## Input data
____
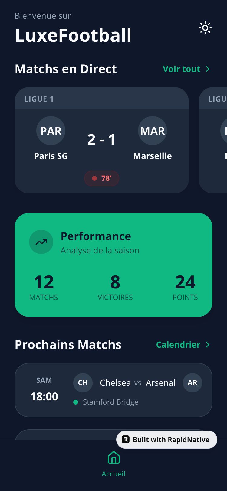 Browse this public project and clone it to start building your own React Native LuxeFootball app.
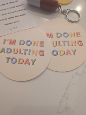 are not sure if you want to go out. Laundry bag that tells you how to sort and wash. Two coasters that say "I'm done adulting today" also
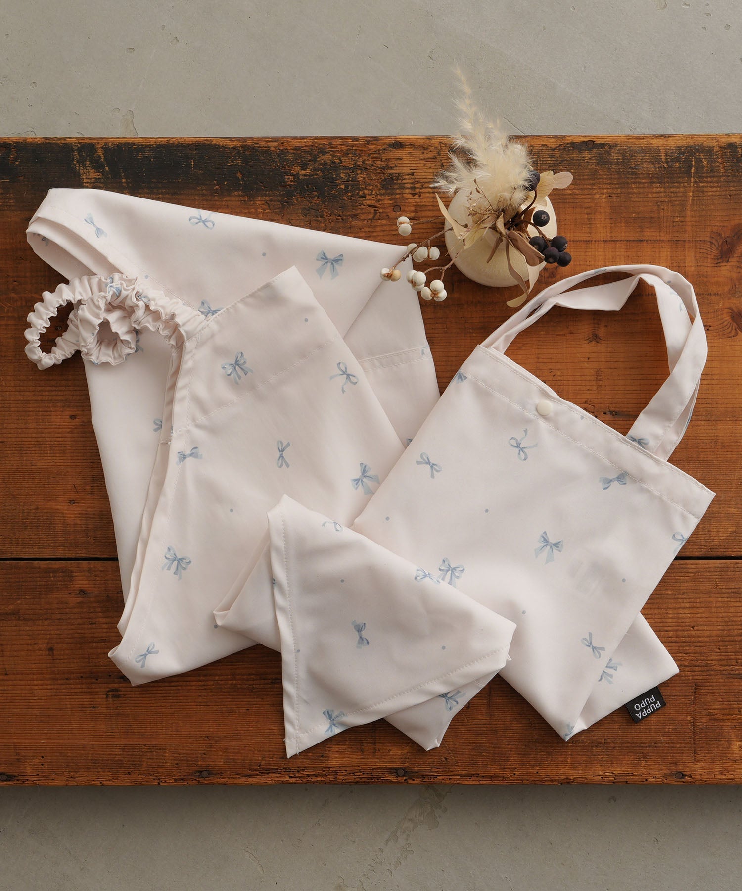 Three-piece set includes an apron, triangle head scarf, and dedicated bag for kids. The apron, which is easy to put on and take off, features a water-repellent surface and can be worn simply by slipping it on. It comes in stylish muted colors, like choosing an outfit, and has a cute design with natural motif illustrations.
____
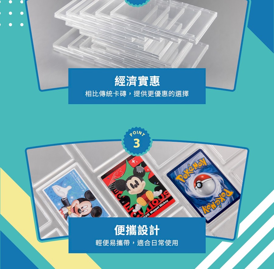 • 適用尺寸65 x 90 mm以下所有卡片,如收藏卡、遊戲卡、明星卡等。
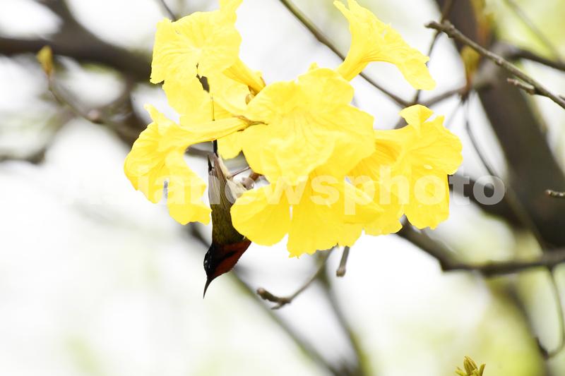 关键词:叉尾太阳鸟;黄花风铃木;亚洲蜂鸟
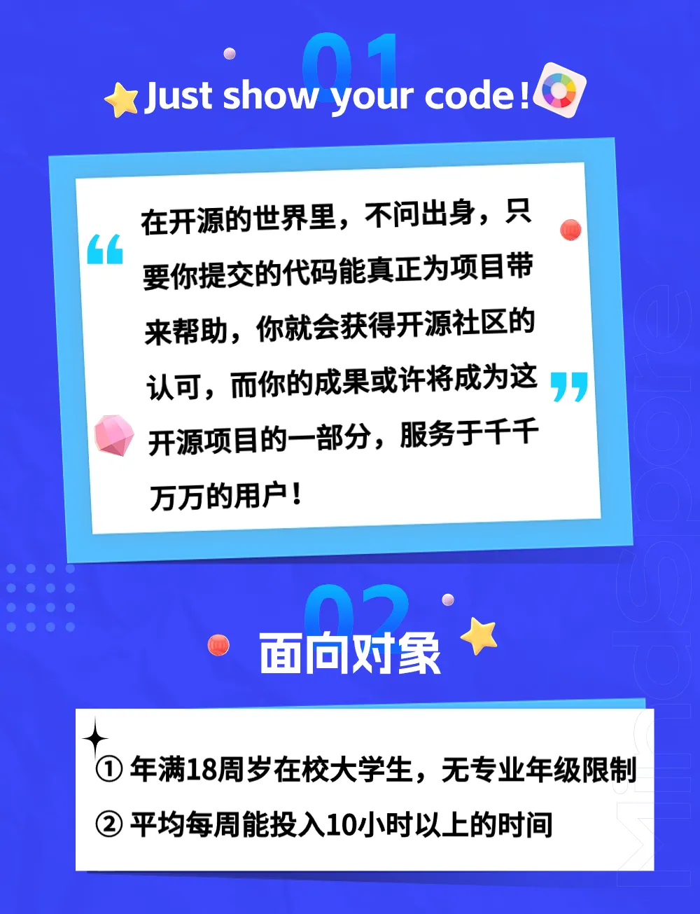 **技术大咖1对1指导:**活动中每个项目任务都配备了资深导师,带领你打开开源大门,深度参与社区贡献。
____
## Problem to work on
Copy exactly the lines of the listing above between the one holding "Browse this public" and the one holding "Three-piece set includes", inclusive; omit all pictures.

## Result of the exercise
 Browse this public project and clone it to start building your own React Native LuxeFootball app.
 are not sure if you want to go out. Laundry bag that tells you how to sort and wash. Two coasters that say "I'm done adulting today" also
 Three-piece set includes an apron, triangle head scarf, and dedicated bag for kids. The apron, which is easy to put on and take off, features a water-repellent surface and can be worn simply by slipping it on. It comes in stylish muted colors, like choosing an outfit, and has a cute design with natural motif illustrations.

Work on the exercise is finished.